Material supplied -
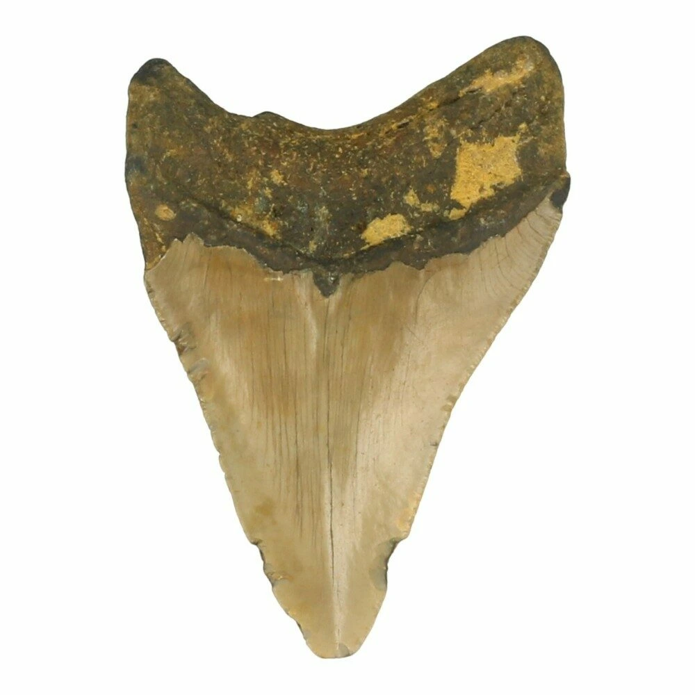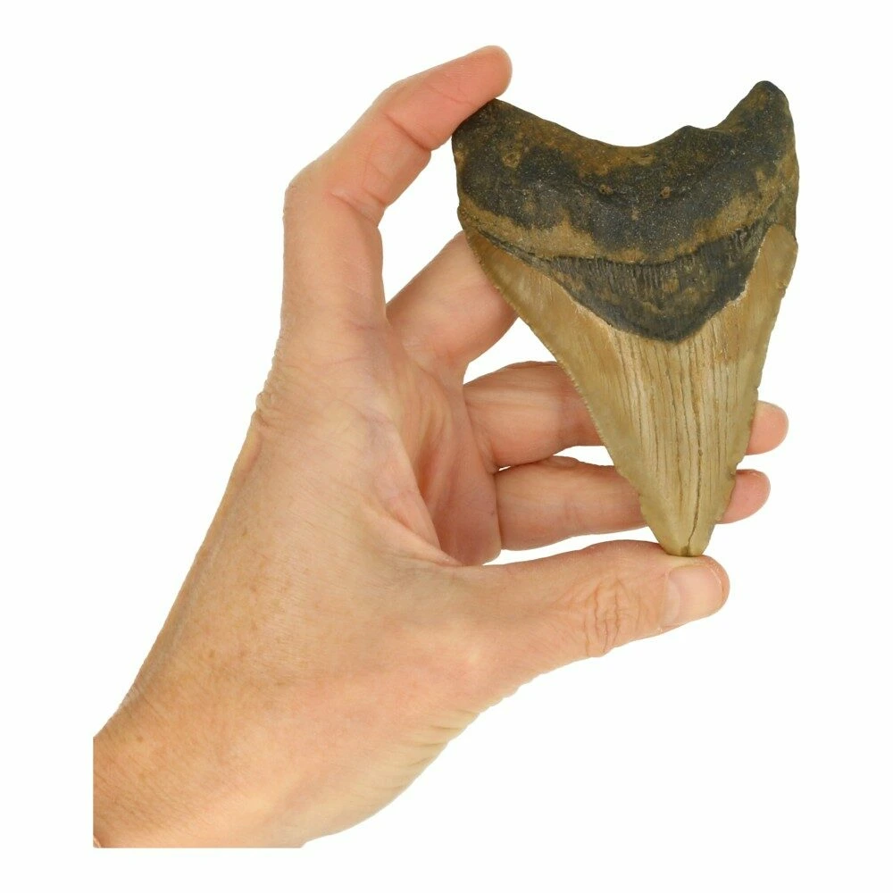 De kleur van een fossiele megalodon tand is afhankelijk van de grond waarin hij miljoenen jaren heeft gerust. Zo kunnen ze variëren van grijs, bruin en zwart tot zandkleurig of blauwgrijs. Elke tand is uniek — gevormd door tijd, water en aarde.
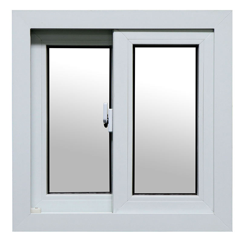 Ventana en color blanco con protección UV, 1 hoja fija 1 hoja corrediza, vidrio claro de 4mm, cerrojo + mosquitero
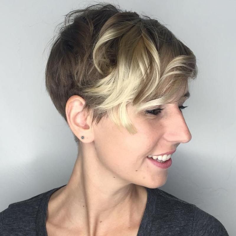 33. Выделенная Пикси. Солнечные летние цвета актуальны круглый год. Добавьте немного блондинки в стрижку пикси с короткими сторонами.
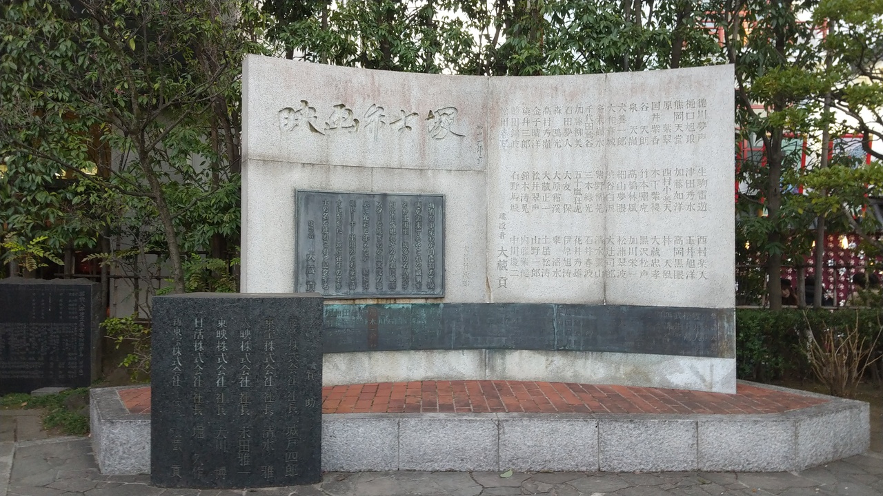 観光スポットとして有名な浅草寺。敷地内には小さなお堂やお寺,神社や石碑などがたくさんあります。その中の一つがこの「映画弁士塚」。昭和33年に建てられた石碑で,明治から大正時代にかけて活躍した映画弁士の名前が刻まれています。
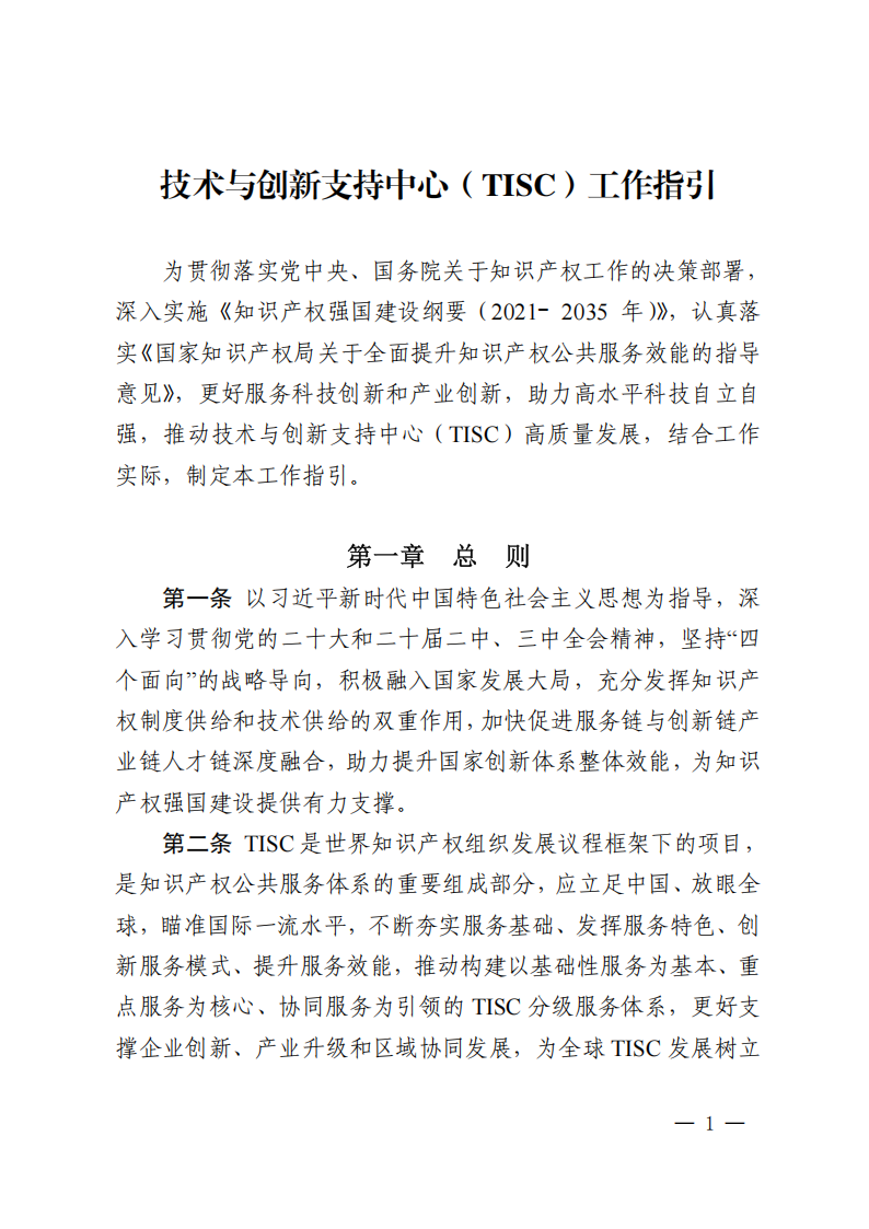 國家知識產權局辦公室關于印發《技術與創新支持中心(TISC)工作指引》的通知

Problem -
From the line holding "Ventana en color" through the last line of the material above, each line should be written out exactly, both included; omit the pictures.

Completed task -
 Ventana en color blanco con protección UV, 1 hoja fija 1 hoja corrediza, vidrio claro de 4mm, cerrojo + mosquitero
 33. Выделенная Пикси. Солнечные летние цвета актуальны круглый год. Добавьте немного блондинки в стрижку пикси с короткими сторонами.
 観光スポットとして有名な浅草寺。敷地内には小さなお堂やお寺,神社や石碑などがたくさんあります。その中の一つがこの「映画弁士塚」。昭和33年に建てられた石碑で,明治から大正時代にかけて活躍した映画弁士の名前が刻まれています。
 國家知識產權局辦公室關于印發《技術與創新支持中心(TISC)工作指引》的通知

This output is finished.